• Task prompt: Retype only the lines running from the beginning of the entries below to the line with "1、整个物业功能分类明了,用户能够很快找到所需功能服务;", both included. Do not include pictures.

• Collected data entries:
******

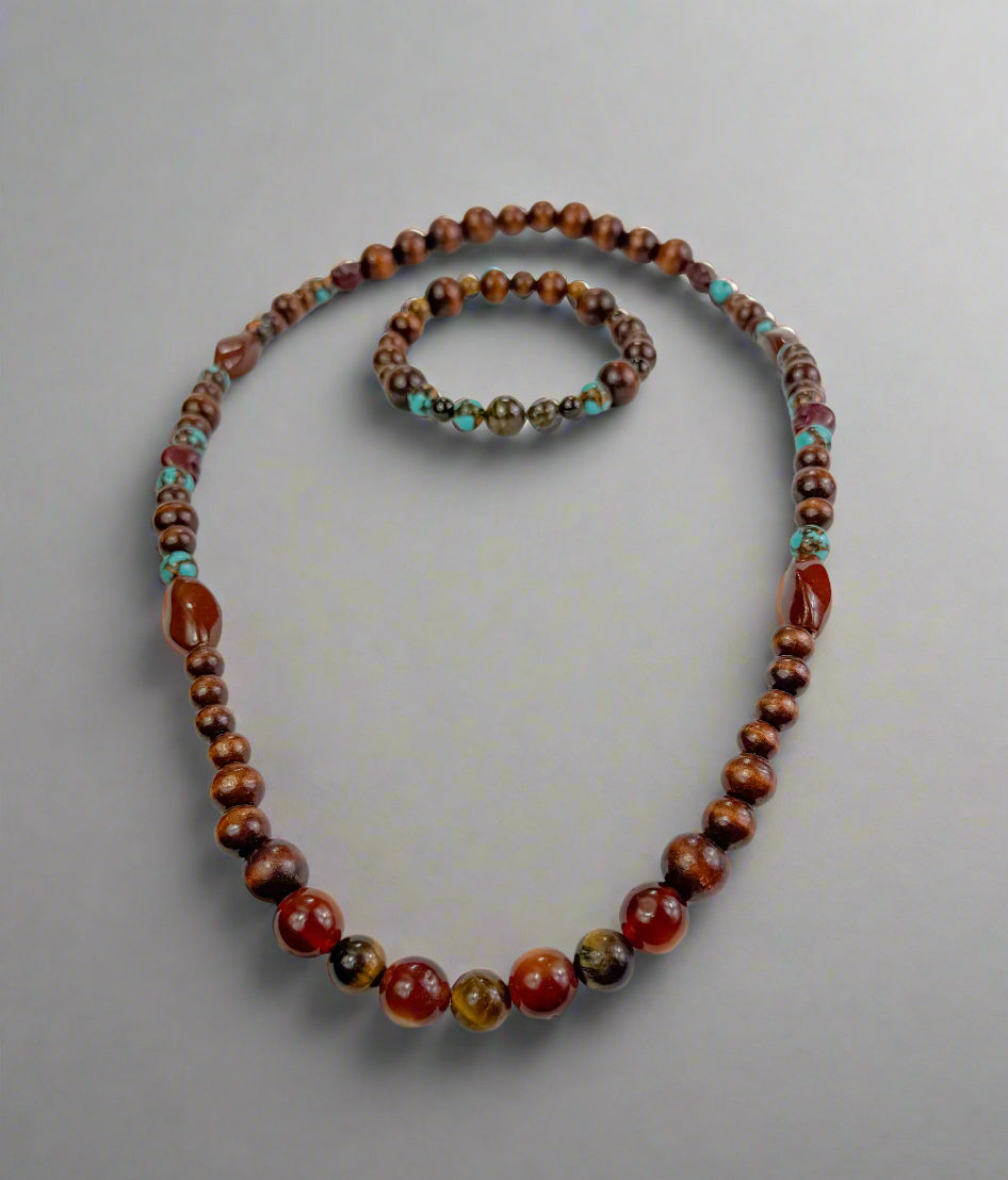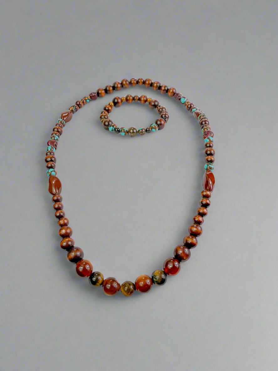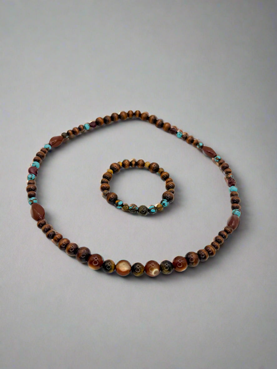 A rooted blend of earthy Tiger Eye, vibrant Turquoise, and grounding earth tones β Grounded Edge Set offers steady strength and empowered clarity β supporting courageous movement and aligned expression throughout your day.
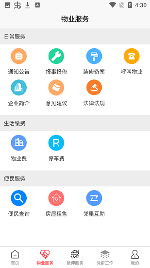 1、整个物业功能分类明了,用户能够很快找到所需功能服务;
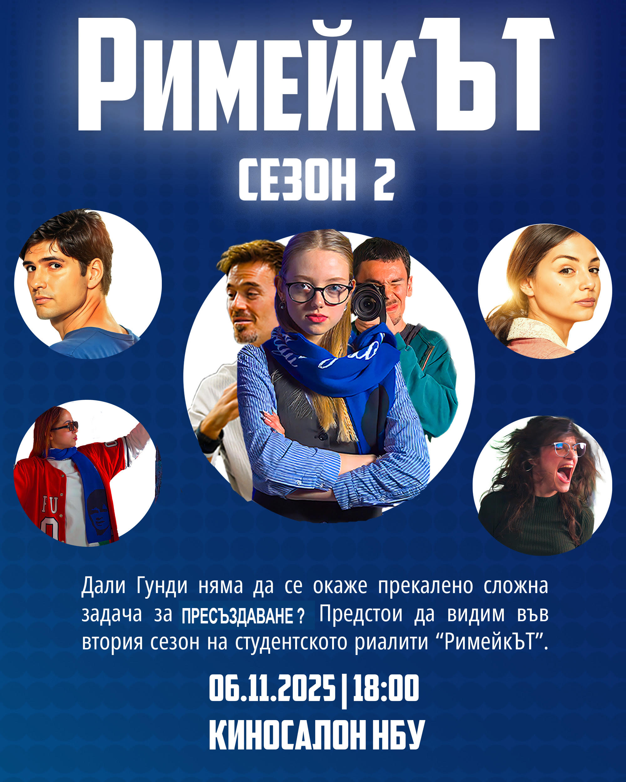 Предаването показва целия работен процес и ни среща с преподавателите проф. Людмил Христов, Ники Илиев и режисьора на филма Димитър Димитров. Събитието ще покаже на екран практическата работа на второкурсници от програма “ Кино и телевизия” в създаване на телевизионен сериен продукт.
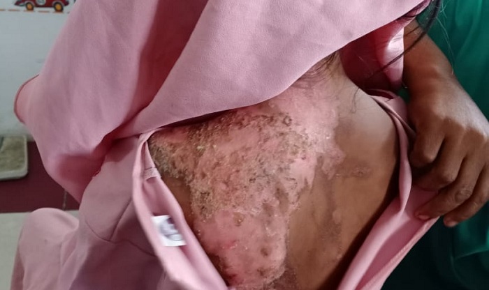 “Korban mengalami luka serius di punggung, bahu dan dada sebelah kiri akibat disiram air panas oleh ibu kandungnya sendiri sekitar bulan Juni lalu,” ungkap AKP Muhammad.
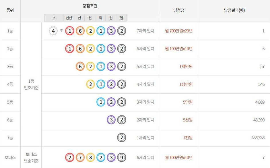 4조 1 6 2 1 3 2 7자리 일치 |
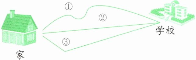 2. 小明从家到学校有三条路可走,哪条路最近?为什么?请你帮小明想一想。
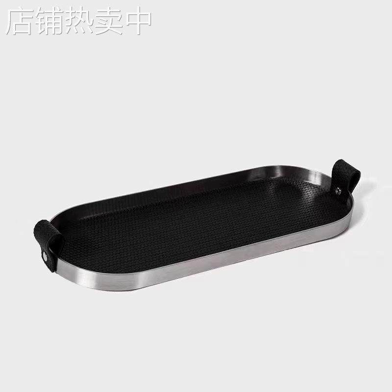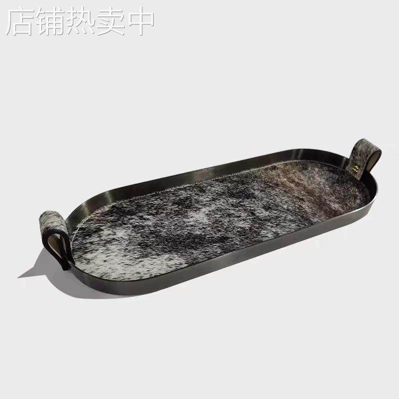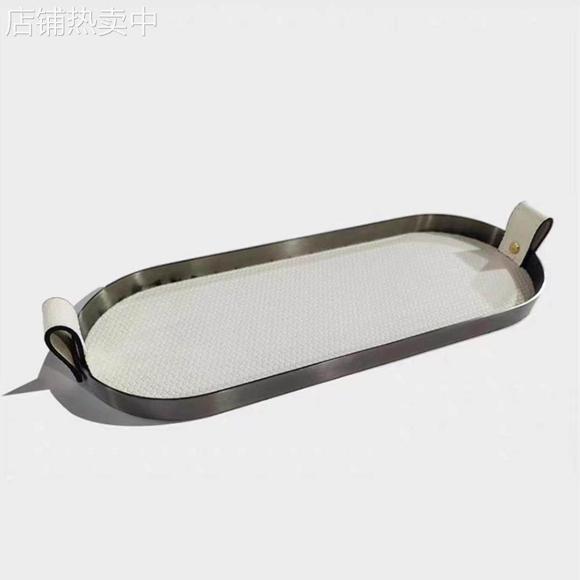 现代简约编织皮革金属马毛椭圆托盘收纳创意摆件桌面茶几样板间
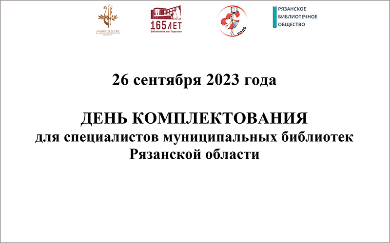 26 сентября в образовательном центре библиотеки имени Горького прошло третье заседание в рамках проекта «День комплектования». Это новый проект, направленный на повышение профессиональных знаний специалистов-комплектаторов библиотек муниципальных образований Рязанской области, библиотек других систем и ведомств. Участников мероприятия приветствовала директор Рязанской областной универсальной научной библиотеки имени Горького, председатель Общественной палаты Рязанской области, кандидат психологических наук Наталья Николаевна Гришина. Она поблагодарила присутствующих за участие в комплектовании фондов и создание модельных библиотек в рамках национального проекта «Культура», обозначила основные направления работы муниципальных библиотек.

******

• Answer below:
 A rooted blend of earthy Tiger Eye, vibrant Turquoise, and grounding earth tones β Grounded Edge Set offers steady strength and empowered clarity β supporting courageous movement and aligned expression throughout your day.
 1、整个物业功能分类明了,用户能够很快找到所需功能服务;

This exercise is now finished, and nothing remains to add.